Politiche 2018: reset del Pd e sconfitta per la leadership di Forza Italia

Di Giuseppe Sollami – Proiezione dopo proiezione il risultato è chiaro: Partito Democratico e Forza Italia, le forze tradizionali di centrosinistra e centrodestra, che per anni hanno retto le sorti del gioco politico italiano, accusano il colpo, piegandosi al fiume in piena del Movimento 5 Stelle e della Lega.

Un risultato storico per il centrodestra italiano: mai, nel corso della sua esistenza, il partito di via Bellerio aveva sorpassato il movimento di Silvio Berlusconi, portando la Lega ad imporsi come primo partito di coalizione; questa imposizione giocherà un ruolo fondamentale per la scelta del prossimo governo, dal momento che la coalizione di centrodestra è quella candidata a ricevere il mandato esplorativo del Presidente della Repubblica per la formazione del nuovo governo.

Bisognerà solo vedere se Matteo Salvini continuerà a dialogare con gli alleati di coalizione o proverà a sondare il terreno del Movimento 5 Stelle, altro grande vincente di questa tornata, per un’ipotetica formazione di un governo a traino destrorso.

Qual è lo scotto che paga Berlusconi e il suo partito? Sicuramente una campagna elettorale basata su una serie di promesse irrealizzabili come la solita cancellazione di alcune tasse patrimoniali, alla quale evidentemente, una parte dello storico elettorato berlusconiano non ha creduto più. Il baricentro della leadership liberale si sposta più a destra da oggi, con conseguente inasprimento di quella parte di elettorato di politica antimigratoria e federalista.

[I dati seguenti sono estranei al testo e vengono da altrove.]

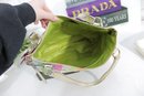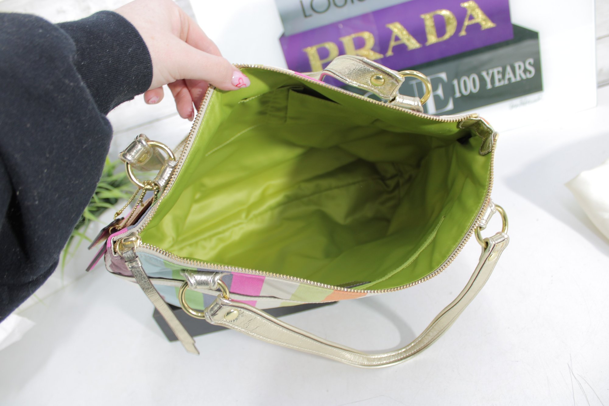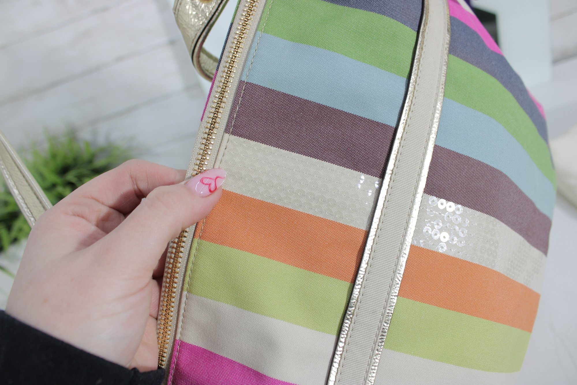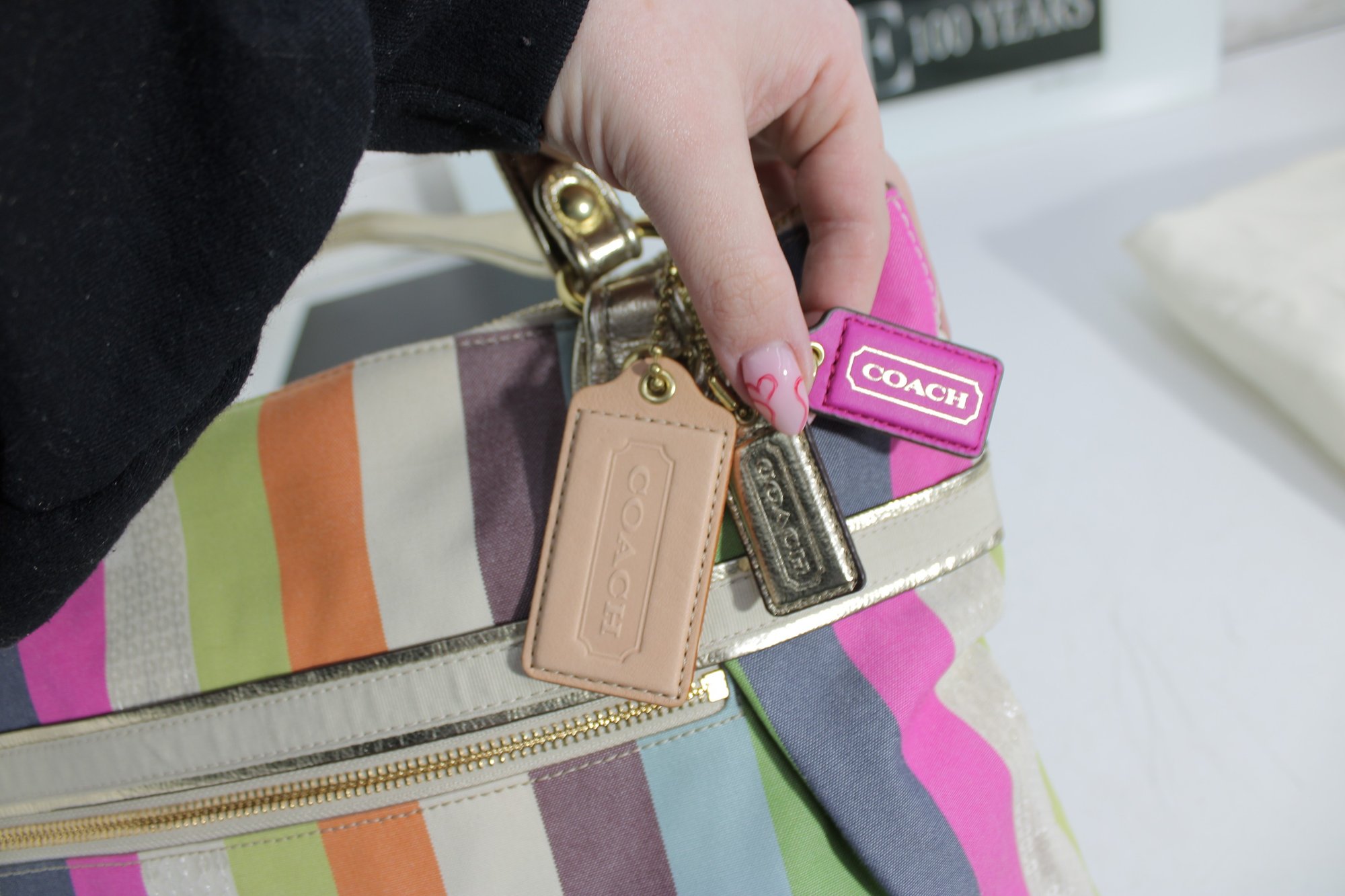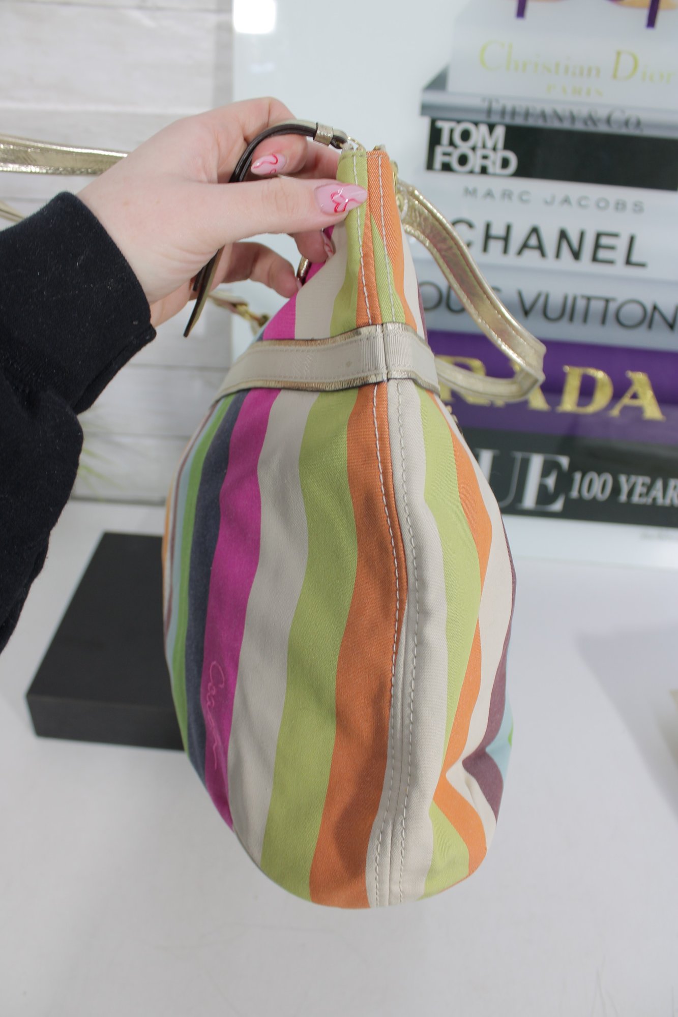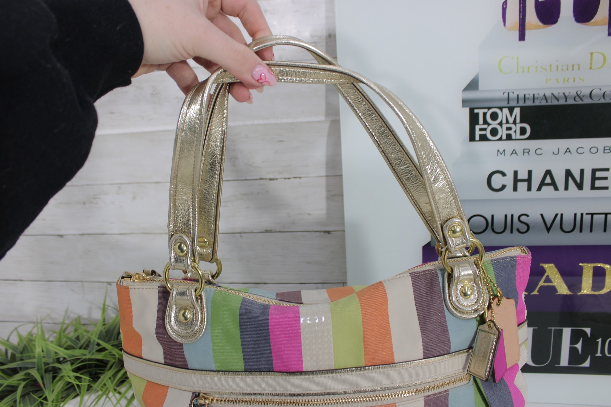 a vibrant and stylish Coach multicolor striped tote bag featuring bright pastel and bold stripe detailing with metallic gold leather trim and hardware. This eye-catching handbag blends playful color with classic Coach craftsmanship.
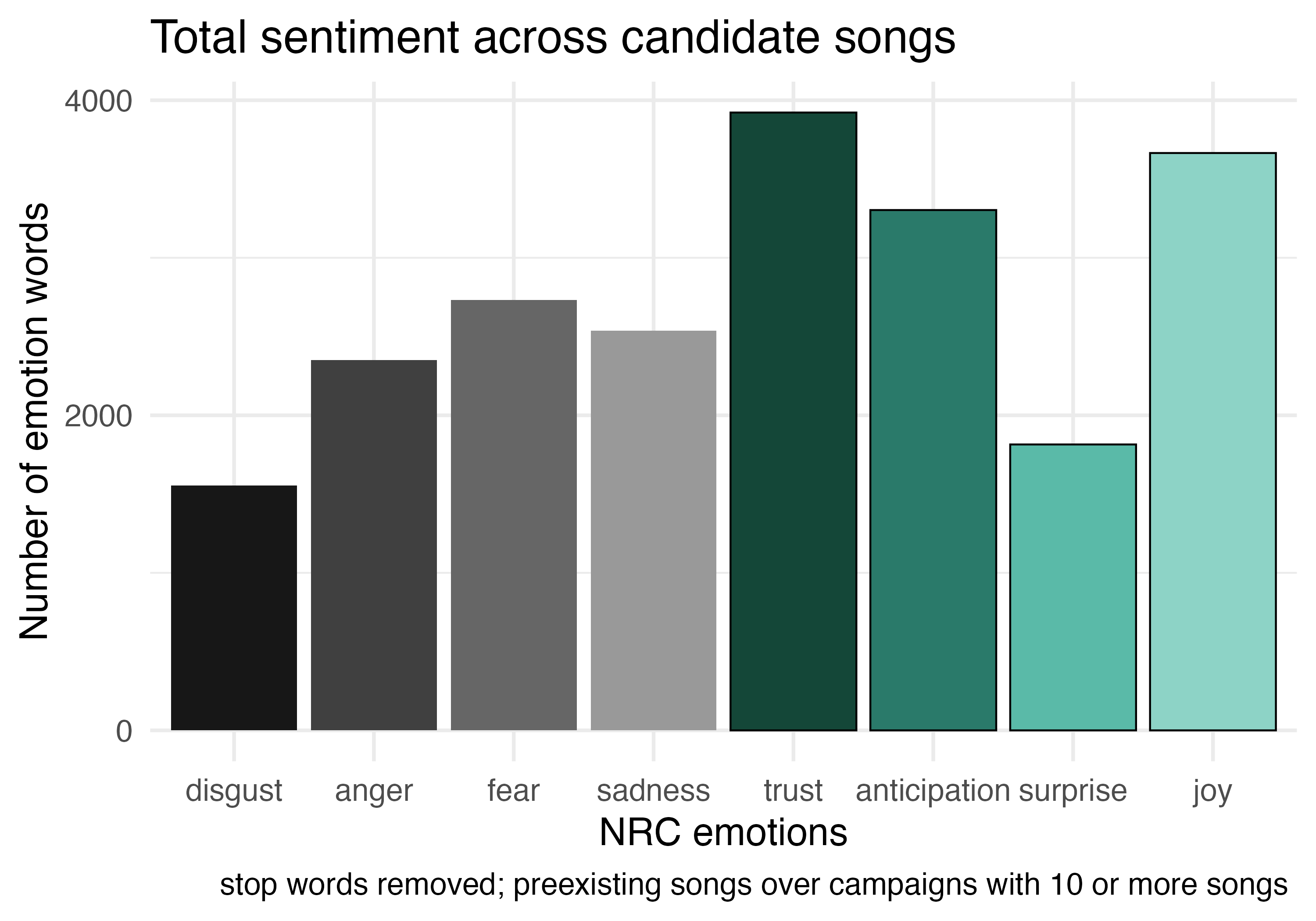 Overall, candidates from both parties incorporate songs with ‘trust’ as the most common emotion.
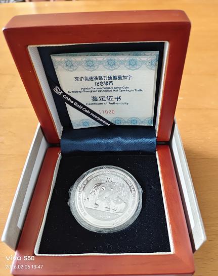 出1枚2011年京沪高铁开通纪念银币!
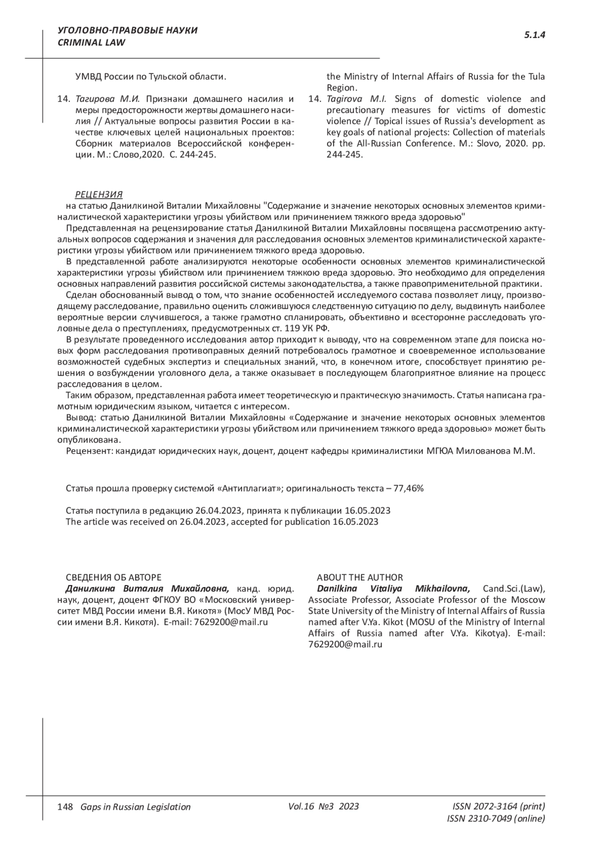 14. Тагирова М.И. Признаки домашнего насилия и меры предосторожности жертвы домашнего насилия // Актуальные вопросы развития России в качестве ключевых целей национальных проектов: Сборник материалов Всероссийской конференции. М.: Слово,2020. С. 244-245.
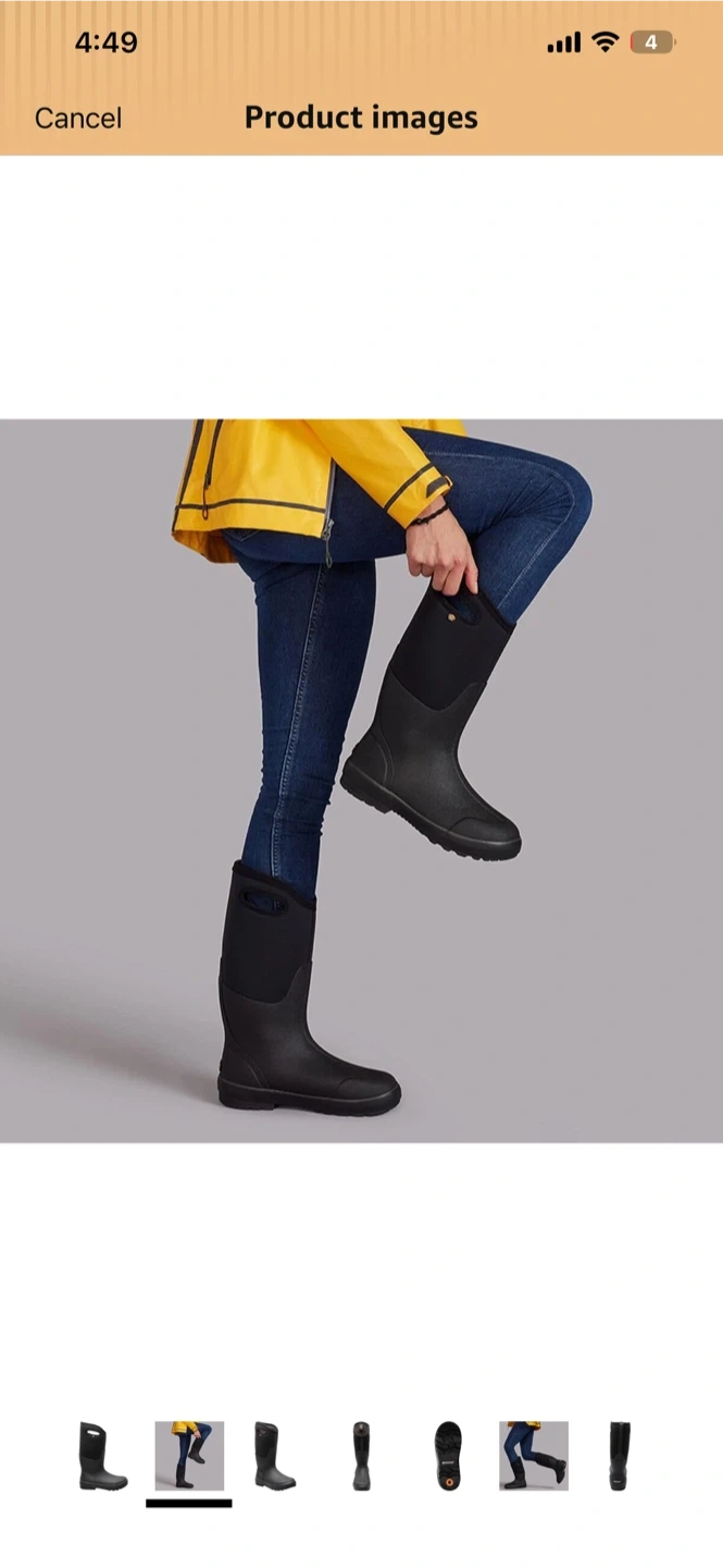 These Bogs boots are black and waterproof. They feature neoprene insulation for warmth. Great for staying dry and comfortable in wet weather!

Dall’altra parte abbiamo una vera e propria “Caporetto” della politica italiana, rappresentata dal tonfo incredibile del Partito Democratico. Il partito governante uscente paga un conto amaro, vedendo calare i suoi consensi da circa il 50%, passando dal 40,8 delle Europee 2014 al quasi 20% di queste politiche: Matteo Renzi e la sua squadra dovranno immediatamente ripensare alla riorganizzazione del partito, che partirà molto probabilmente dall’epurazione della classe dirigente nazionale, a partire dalle dimissioni del Segretario.

Cosa no ha funzionato nel Pd? Sicuramente, chi viene da un’esperienza di governo paga delle scelte impopolari, ma non possiamo negare che il governo portato a conclusione da Paolo Gentiloni sia stato malaccio, anzi: riconosciuto da molti un premier autorevole, moderato e soprattutto ottimo per fungere da collante tra parti diverse: non è escluso, nell’ipotesi – abbastanza realistica – che vi siano grosse difficoltà a trovare i numeri giusti per chiedere la fiducia delle Camere, un “Gentiloni bis”, un governo di scopo, guidato dal Presidente del Consiglio uscente, con appoggio di Lega e Forza Italia, con termometro politico a guida Pd.

Tornando alle cause della debacle democratica, una delle cause principali è sicuramente la forza delle classi dirigenti locali: un partito che negli ultimi anni ha parlato di rottamazione del sistema ma poi al suo interno, nella fattispecie, in ambito locale, è gestito da dirigenti vecchi quasi quanto la gloriosa Democrazia Cristiana, è un handicap che non ha fatto spiccare il volo. Il continuo riciclo di nomi candidati e un sistema baronale simile a quello medioevale di tipo feudale, è sicuramente il mix perfetto per decretare un totale abisso del progetto democratico. Ad oggi, paradossalmente, la vera forza di centrosinistra (dove peraltro, sono defluiti quasi tutti i voti democratici) è rappresentata dal Movimento 5 Stelle.

Rinnovamento della segreteria nazionale sì, sicuramente è un passo obbligatorio conseguente a una batosta di tali dimensioni, ma pensare alla sostituzione totale o parziale della classe dirigente locale, è sicuramente un’ottima medicina se si vuole ricostruire un centro sinistra con un grande partito riformista. Le carenze strutturali possono essere sanate solo con un’ampia rivisitazione della struttura stessa: è inutile guardare solamente all’aspetto o ai programmi, è necessario un nuovo capitolo, un voltare pagina definitivo.

Ci avviamo verso una divisione del parlamento nuova: non come l’abbiamo intesa fino a ieri – tra democratici e liberali, tra destra e sinistra – ma tra anti-sistema e “sovranisti”.